### DATA IN THIS EXERCISE
*** Begin section ***

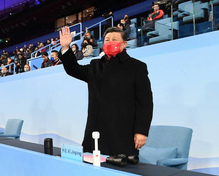 3月13日晚,北京2022年冬残奥会闭幕式在国家体育场隆重举行。这是国家主席习近平在主席台上向大家挥手致意。新华社记者 谢环驰 摄
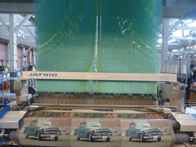 2023年製の織機で写真どおりの柄の布を織れる。自動車柄のタオルをつくっている実演中。 |
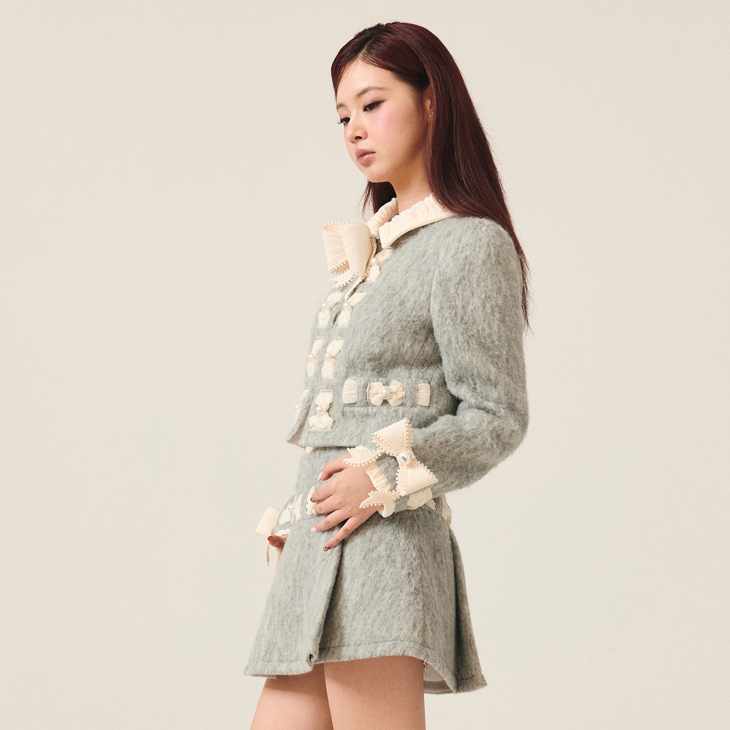 复古摩登千金风毛呢撞色短外套上衣 时尚 lefame拉飞姆2025冬季 新款
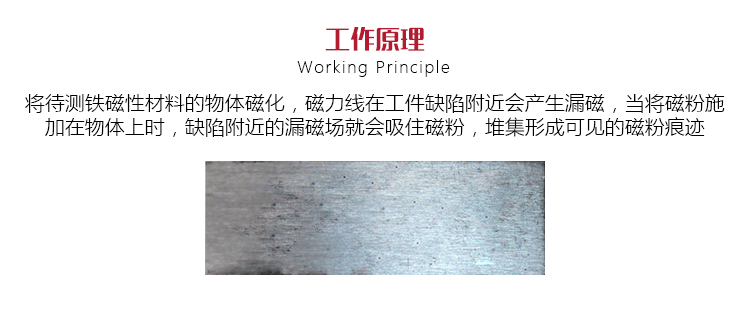 將待測鐵磁性材料的物體置于強磁場中或通以強大電流使之磁化,若物體表面或表面附近存有缺陷(裂紋、折疊、夾雜物等),磁力線在這些缺陷附近會產(chǎn)生漏磁,當將導(dǎo)磁性良好的磁粉(通常為磁性氧化鐵粉)施加在物體上時,缺陷附近的漏磁場就會吸住磁粉,堆集形成可見的磁粉痕跡,在合適的光照下形成可見的磁痕,從而顯示出連續(xù)性的位置、大小、形狀和嚴重程度,將缺陷顯示出來。
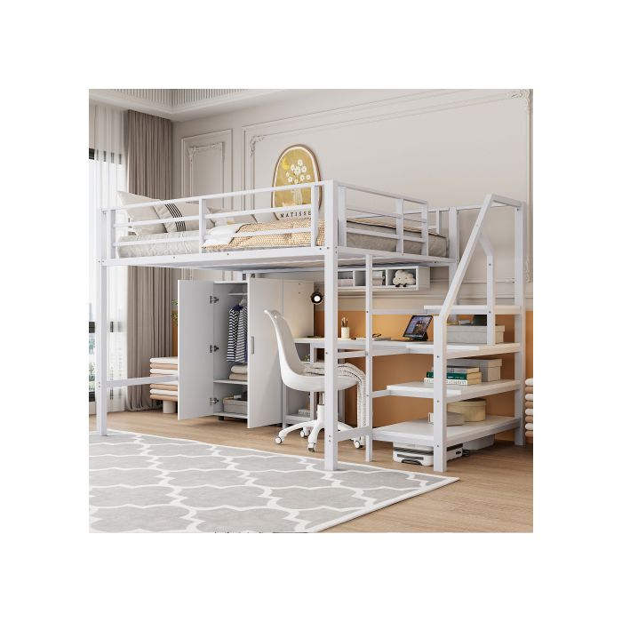 Освещенный мезонин - MUVOE - 140x200см - Белый - Встроенный рабочий стол - Шкаф и полки включены
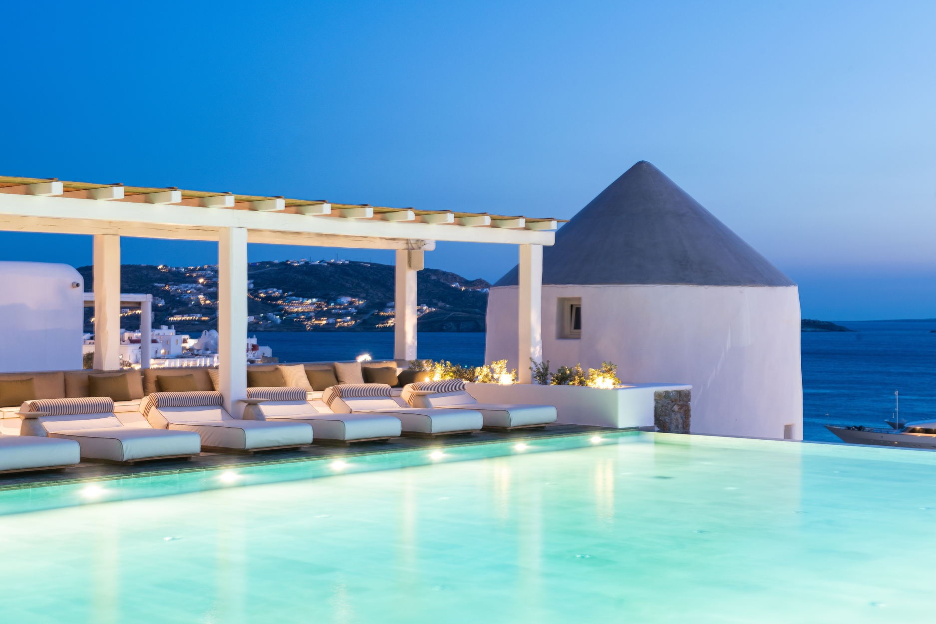 This stunning hotel boasts Cubistic Cycladic architecture and white washed walls overlooking the old port of Mykonos. Guests will be able to reach various attractions on foot, including the Aegean Mar...
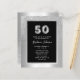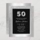 Budget Parties scintillant Argent Foil Ombre 50e anniversaire de fête Invitation... Sur un arrière - plan de feuille métallique argentée, notre 50e invitation de fête d'anniversaire présente une élégante parties scintillant d'ombre argentée superposée avec de très grands numéros de ballon affichant le numéro 50. Dans un cadre noir avec une bordure en feuille d'argent, vous trouverez un exemple de texte d'invitation d'anniversaire que vous pouvez facilement modifier sur le modèle de personnalisation. L'arrière de cette invitation à la fête du 50e anniversaire de l'jalon du budget montre également le design unique et sombre de la parties scintillant.
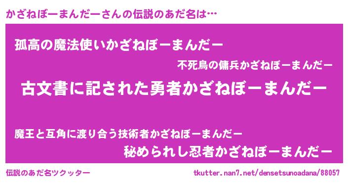 | 意味不明あだ名 | 『永久保存かざねぼーまんだー』 |
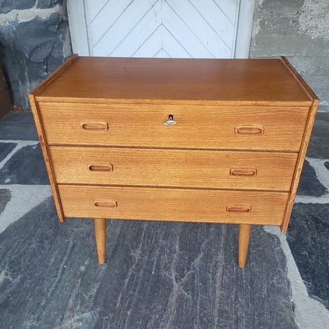 Sjarmerende, retro og låsbart skatoll i teak etter tante selges rimelig pga plassmangel. Nøkkel medfølger🗝️

*** End section ***

### EXERCISE AIM
Could you repeat the data exactly, omitting its pictures?

### EXERCISE RESPONSE
 3月13日晚,北京2022年冬残奥会闭幕式在国家体育场隆重举行。这是国家主席习近平在主席台上向大家挥手致意。新华社记者 谢环驰 摄
 2023年製の織機で写真どおりの柄の布を織れる。自動車柄のタオルをつくっている実演中。 |
 复古摩登千金风毛呢撞色短外套上衣 时尚 lefame拉飞姆2025冬季 新款
 將待測鐵磁性材料的物體置于強磁場中或通以強大電流使之磁化,若物體表面或表面附近存有缺陷(裂紋、折疊、夾雜物等),磁力線在這些缺陷附近會產(chǎn)生漏磁,當將導(dǎo)磁性良好的磁粉(通常為磁性氧化鐵粉)施加在物體上時,缺陷附近的漏磁場就會吸住磁粉,堆集形成可見的磁粉痕跡,在合適的光照下形成可見的磁痕,從而顯示出連續(xù)性的位置、大小、形狀和嚴重程度,將缺陷顯示出來。
 Освещенный мезонин - MUVOE - 140x200см - Белый - Встроенный рабочий стол - Шкаф и полки включены
 This stunning hotel boasts Cubistic Cycladic architecture and white washed walls overlooking the old port of Mykonos. Guests will be able to reach various attractions on foot, including the Aegean Mar...
 Budget Parties scintillant Argent Foil Ombre 50e anniversaire de fête Invitation... Sur un arrière - plan de feuille métallique argentée, notre 50e invitation de fête d'anniversaire présente une élégante parties scintillant d'ombre argentée superposée avec de très grands numéros de ballon affichant le numéro 50. Dans un cadre noir avec une bordure en feuille d'argent, vous trouverez un exemple de texte d'invitation d'anniversaire que vous pouvez facilement modifier sur le modèle de personnalisation. L'arrière de cette invitation à la fête du 50e anniversaire de l'jalon du budget montre également le design unique et sombre de la parties scintillant.
 | 意味不明あだ名 | 『永久保存かざねぼーまんだー』 |
 Sjarmerende, retro og låsbart skatoll i teak etter tante selges rimelig pga plassmangel. Nøkkel medfølger🗝️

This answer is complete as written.